The U.S. economy created just 98,000 new jobs in March, the Bureau of Labor Statistics reported Friday, but the release also contained encouraging news as the unemployment rate dropped to 4.5 percent, the lowest since May of 2007.

The disappointing aspect of Friday’s report was the survey of businesses, which showed weaker payroll jobs growth than the 175,000 forecasters expected, revised down the jobs numbers for February and January. But the underlying trend of job growth remained intact, and the household survey contained better news.

“It’s obviously a mixed bag,” said Mark Hamrick, senior economic analyst for Bankrate.com.

While March’s job growth represented a significant slowdown, the drop-off was likely influenced by a major East Coast snowstorm during the week surveys were conducted.

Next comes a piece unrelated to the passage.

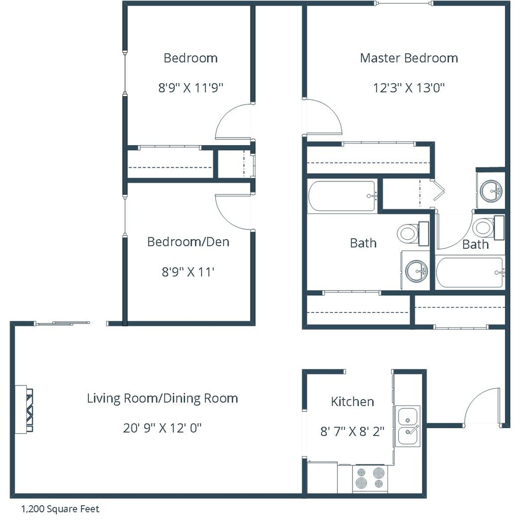 Three Bedroom 32B - Floorplan 1 Apartment Unit: 09Apartment Model: Three Bedroom 32B3 Bedroom, 2 Bath, 1200 sq ftAvailable December 1, 2025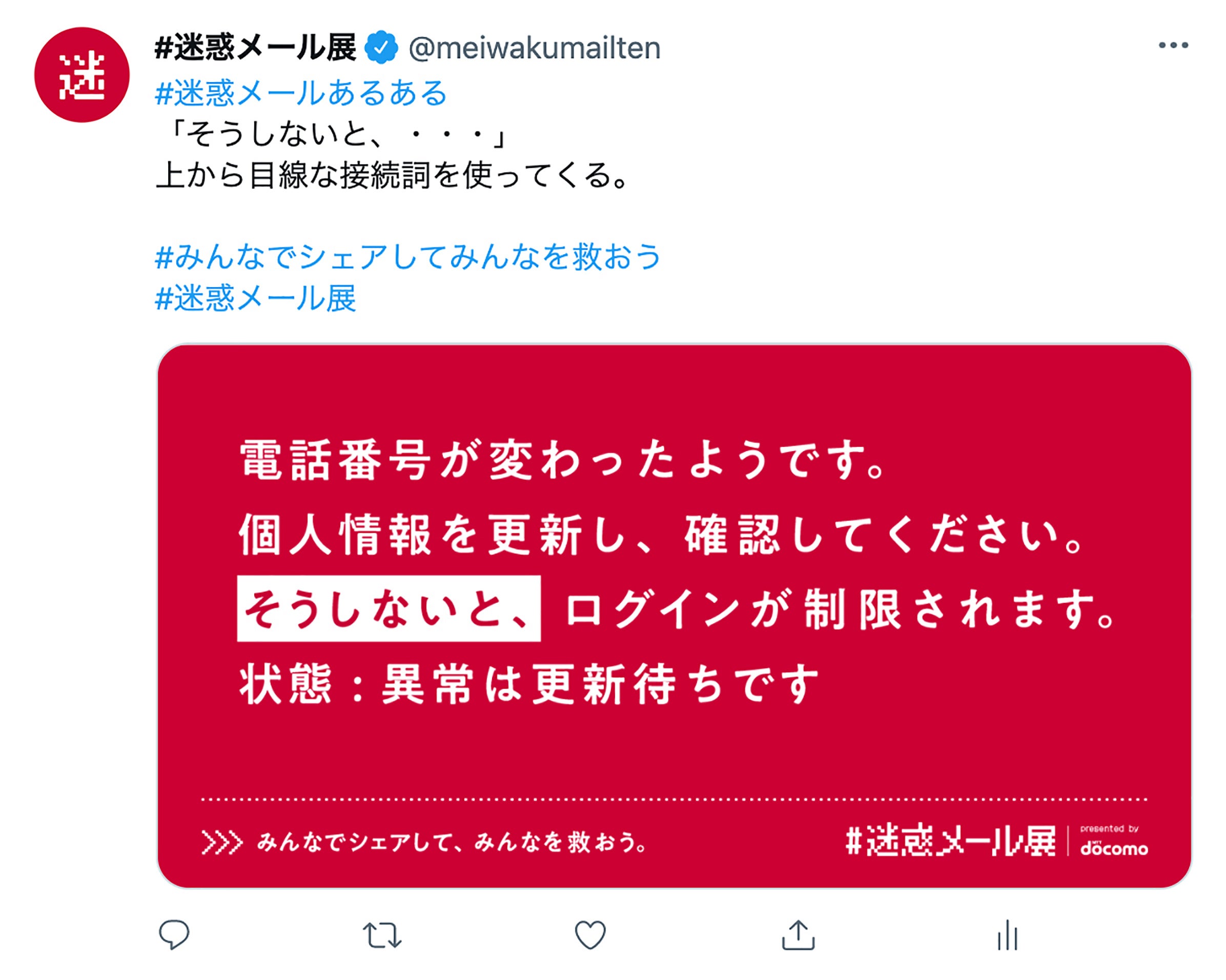「#迷惑メール展」をつけて、どうかシェアしてください。

And although the report is the weakest of President Trump’s young presidency, it won’t be enough to significantly downgrade economists’ broader assessment of the health of the labor market, especially as details from the survey of households hinted at strength.

Over first three months of Trump’s tenure, monthly job gains have averaged 178,000.

That’s well more than the 50,000 to 100,000 jobs a month that are needed to match population growth and keep unemployment trending down, according to an October analysis from the Federal Reserve Bank of Chicago.

The underlying trend may be even stronger than March’s numbers would suggest, given that Winter Storm Stella kept workers off job sites and delayed projects during the week that the Census Bureau was surveying businesses. Stella may have decreased jobs by 30,000 to 60,000, according to Goldman Sachs economists. And 3.1 million people saw their hours cut in March because of weather, far more than the roughly 388,000 average for the past five years.

Meanwhile, the unemployment rate fell two tenths of a percentage point for the right reason, namely because employment grew, and not because of people dropping out of the workforce.

In fact, after years of the workforce declining because of both population aging and workers quitting the job hunt out of frustration, labor force participation has hovered around 63 percent over the past three years-plus. More people seeking jobs is a good sign, and unexpected given the ongoing retirement of Baby Boomers.

Perhaps the clearest sign of the ongoing improvement in prospects for workers is that the employment rate for prime-age workers reached a new post-recession high of 78.5 percent in March.

Nevertheless, it appears there is room for significantly more employment growth in the months ahead, as prime-age employment is still below pre-recession levels. Wage growth, meanwhile, remains modest, suggesting that that the labor market is still not so tight that employers have to bid against each other to hire new employees. Average hourly earnings were up 2.7 percent on the year in March, in line with the long, slow upward trend.

Resilient job creation, at a time when lower unemployment has made it harder for some employers to find help, has forced the Federal Reserve in recent weeks to re-calculate how quickly to tighten monetary policy this year.

Nearly all members of the Fed believe that the U.S. is at or near full employment, according to minutes of their March meeting released Wednesday, meaning that the central bank cannot drive unemployment much lower through easy money. Friday’s release likely won’t sway their views significantly one way or another.

In March, underemployment was at the lowest level since the month of the official start of the recession. The “U6” unemployment rate, which captures not only the unemployed but also those forced into part-time work and those only sporadically looking for work, dropped from 9.2 percent to 8.9 percent, the lowest since December of 2007.

The construction and mining industries are partly to thank for the recent stretch of strong jobs growth. Retail, however, has been hammered since October, losing 89,000 jobs during that time. Given recent job cut announcements, retail will continue shrinking in the months ahead. “There’s more pain to come,” said Hamrick.